Corrigeert de Belastingdienst in 2015 een verlies en is daardoor sprake van een positief belastbaar bedrag? En heeft de Belastingdienst de winst van 2014 al verminderd met het aangegeven verlies van 2015? Dan kan de Belastingdienst alleen navorderen over 2014 als eerst een verliesherzieningsbeschikking over 2015 is afgegeven.

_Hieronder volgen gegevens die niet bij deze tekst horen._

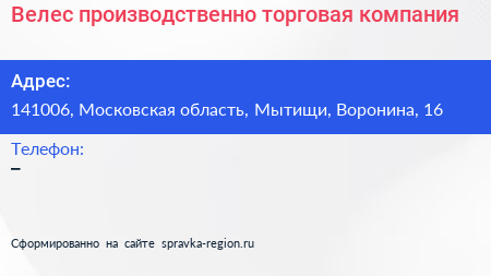 Велес, производственно-торговая компания по адресу 141006, Московская область, Мытищи, Воронина, 16 в дальнейшем Организация, размещена в следующих категориях: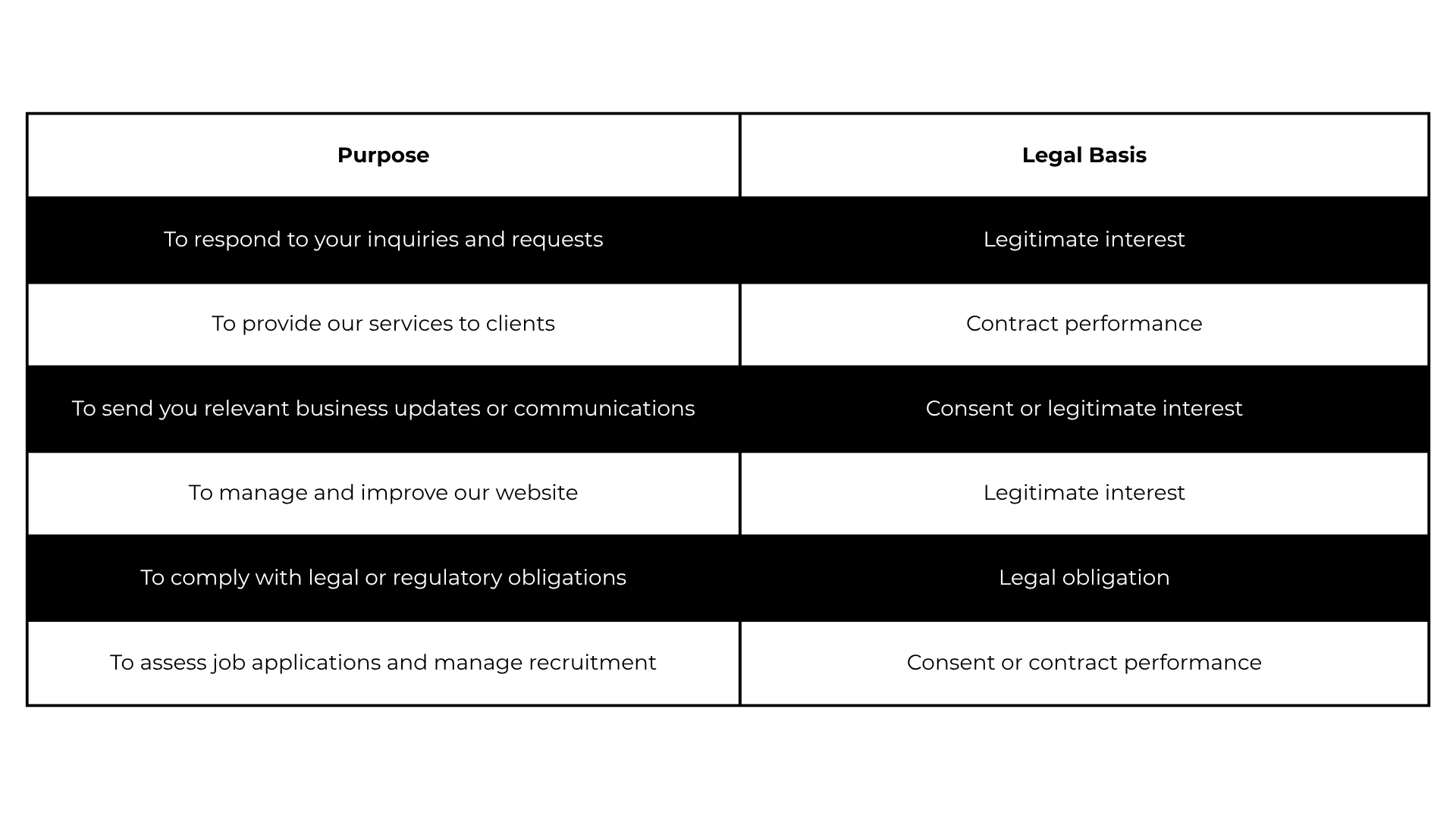 Client data: retained for the duration of the contract + 10 years (legal obligation)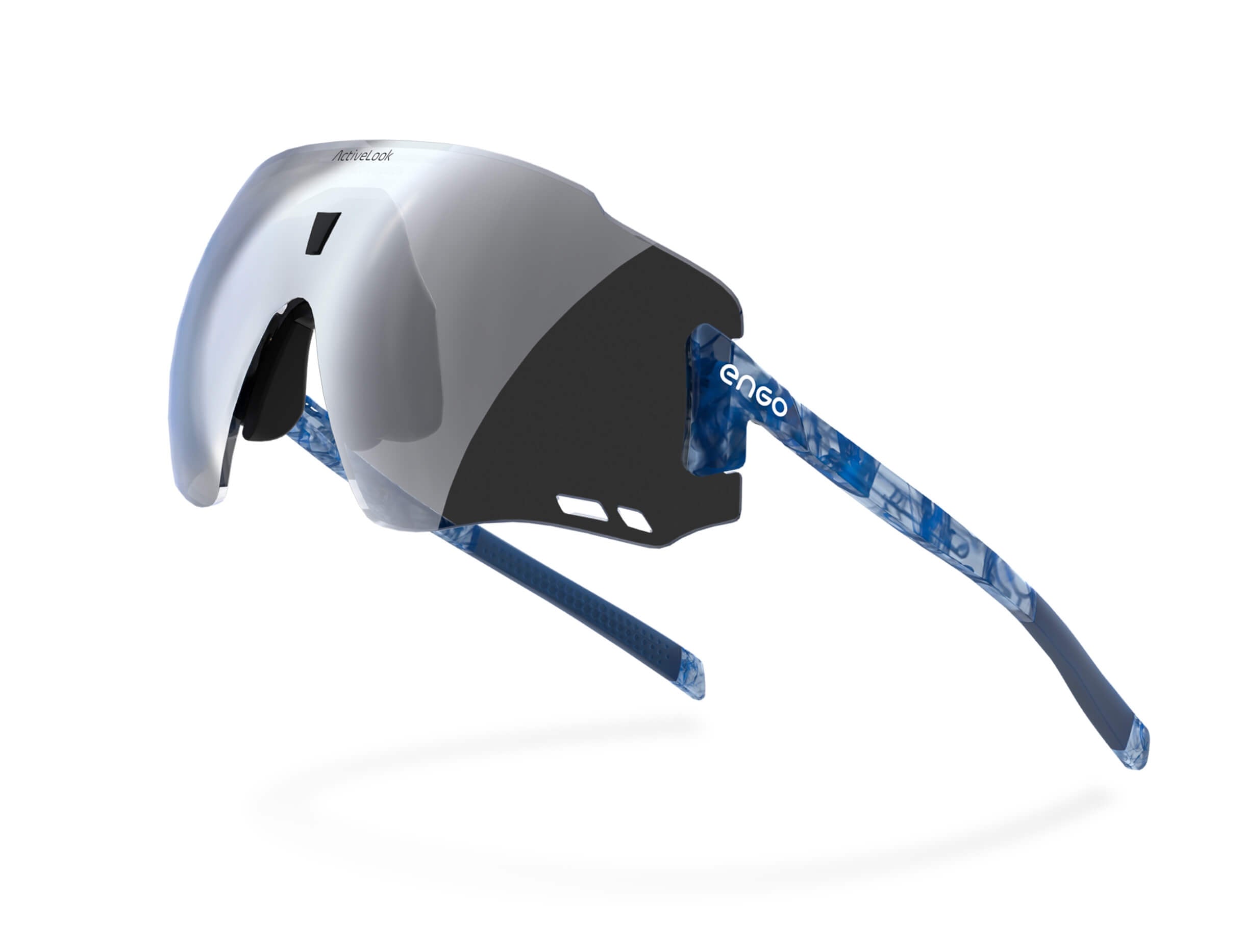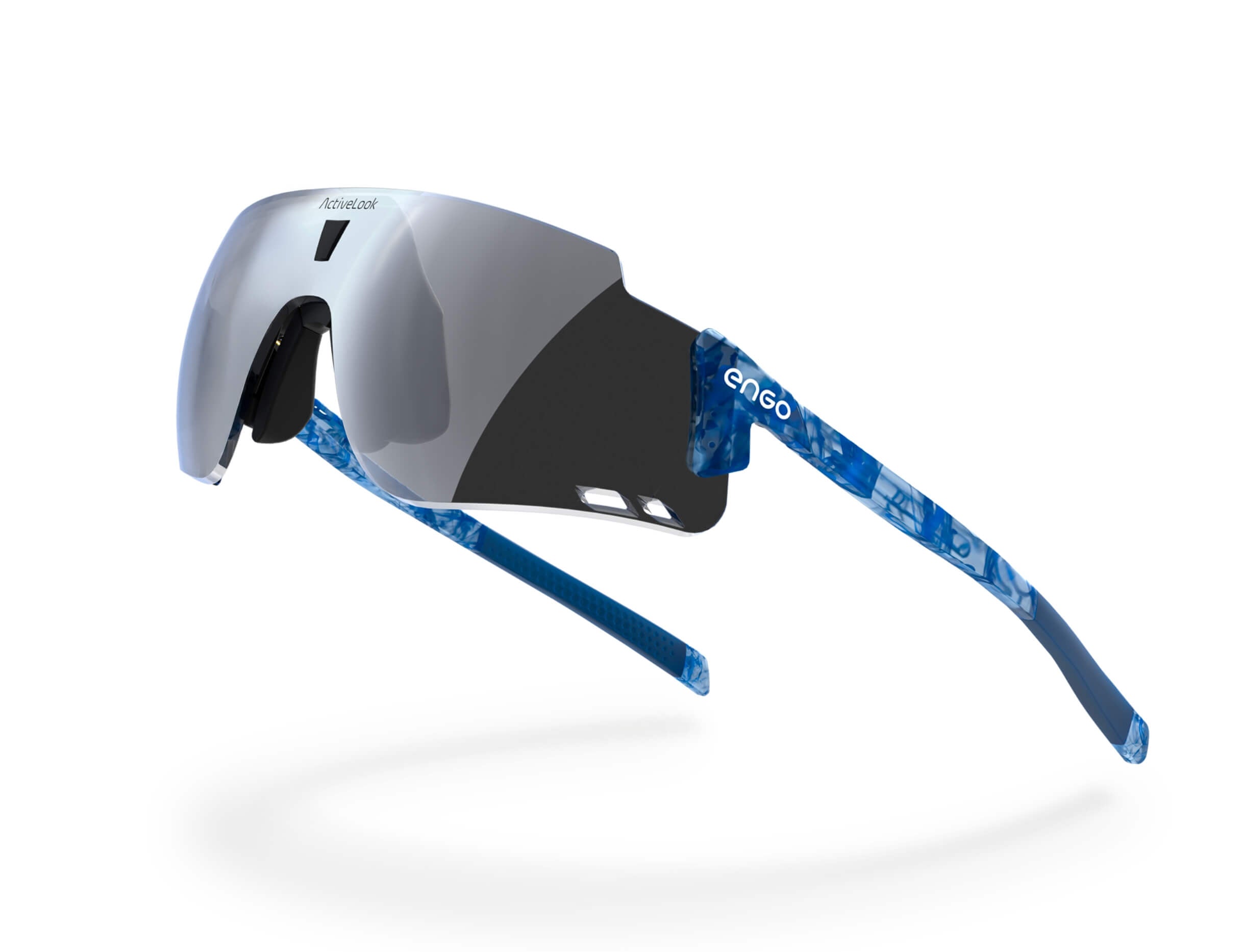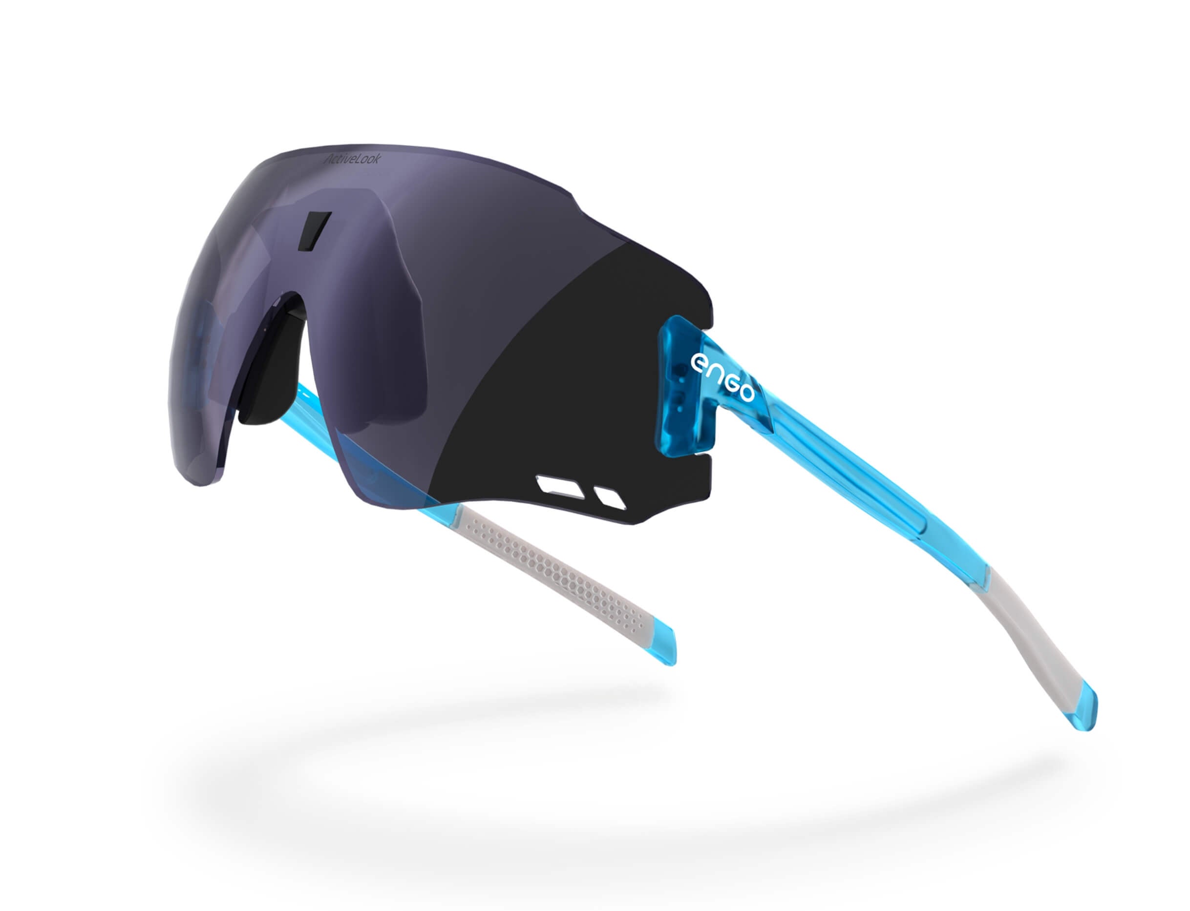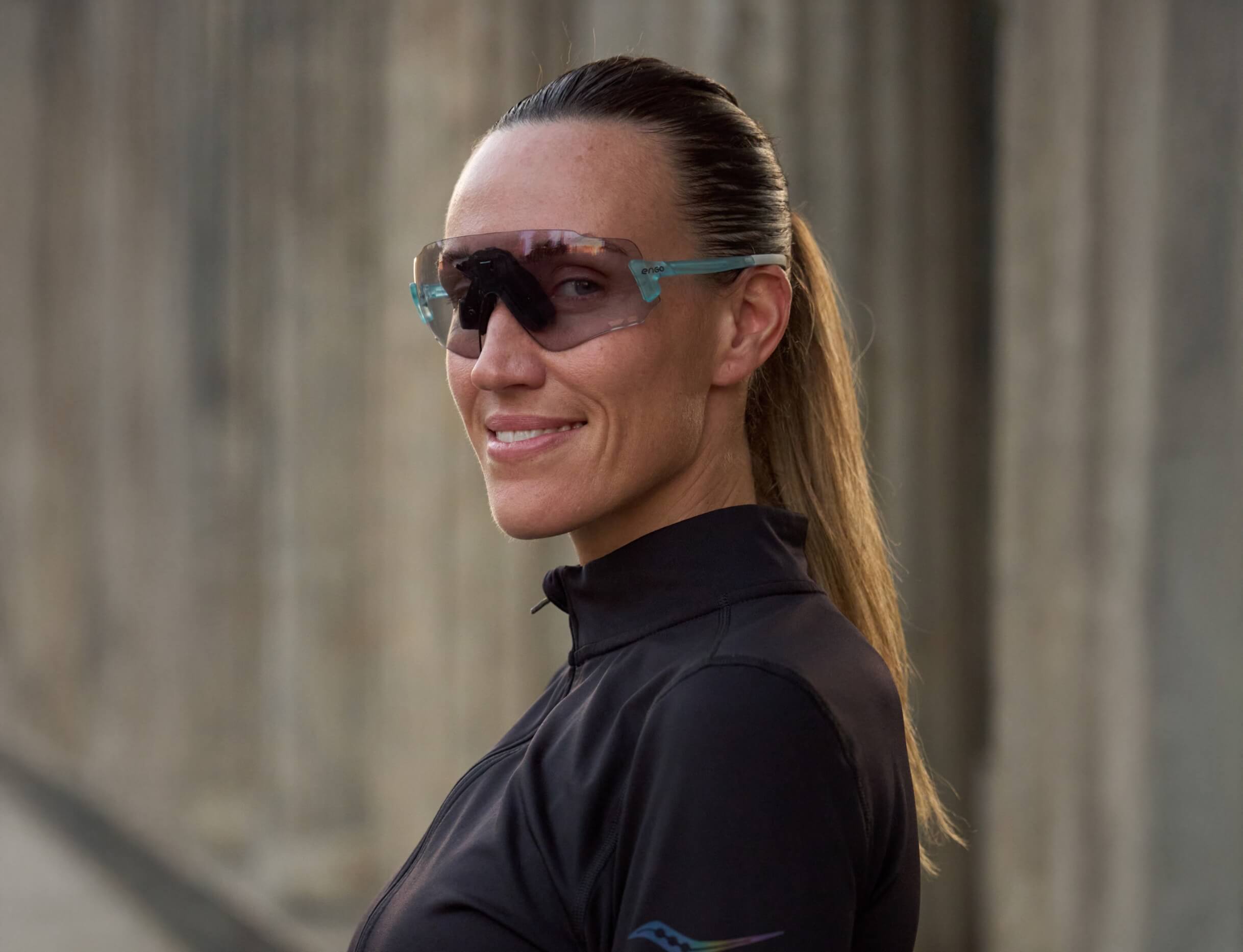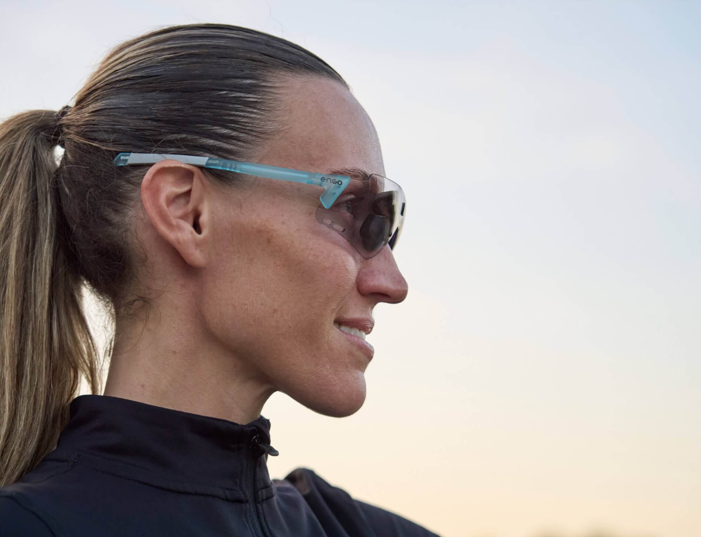 The ENGO display sits slightly left in your field of vision, like reading a road sign without turning your head. Available for your right eye, it's there instantly when you need data, invisible when you don't. Your brain naturally filters it out during focus, brings it forward on demand. Non-obtrusive by design.

De Belastingdienst legde aan een bv over 2014 een definitieve aanslag op naar een belastbaar bedrag van € 214.904. Met dagtekening 28 juli 2018 verminderde de inspecteur de aanslag over 2014 vanwege een achterwaartse verliesverrekening van € 105.512 over 2015. Na de verliesverrekening resteerde een belastbaar bedrag over 2014 van € 106.392. Vervolgens legde de inspecteur met dagtekening 23 maart 2019 een navorderingsaanslag vennootschapsbelasting over 2015 op. Daarbij corrigeerde de inspecteur het door de bv aangegeven verlies. De belastbare winst 2015 kwam daarmee uit op € 218.505. Met dagtekening 6 april 2019 heeft de inspecteur vervolgens een navorderingsaanslag vennootschapsbelasting 2014 opgelegd berekend naar een belastbaar bedrag van € 214.904. Tot slot heeft de inspecteur met dagtekening 28 januari 2020 een verliesherzieningsbeschikking over 2015 gegeven. Hierin is het verlies 2015 herzien van € 108.512 naar nihil.
Zijn aanslagen vennootschapsbelasting 2014 terecht?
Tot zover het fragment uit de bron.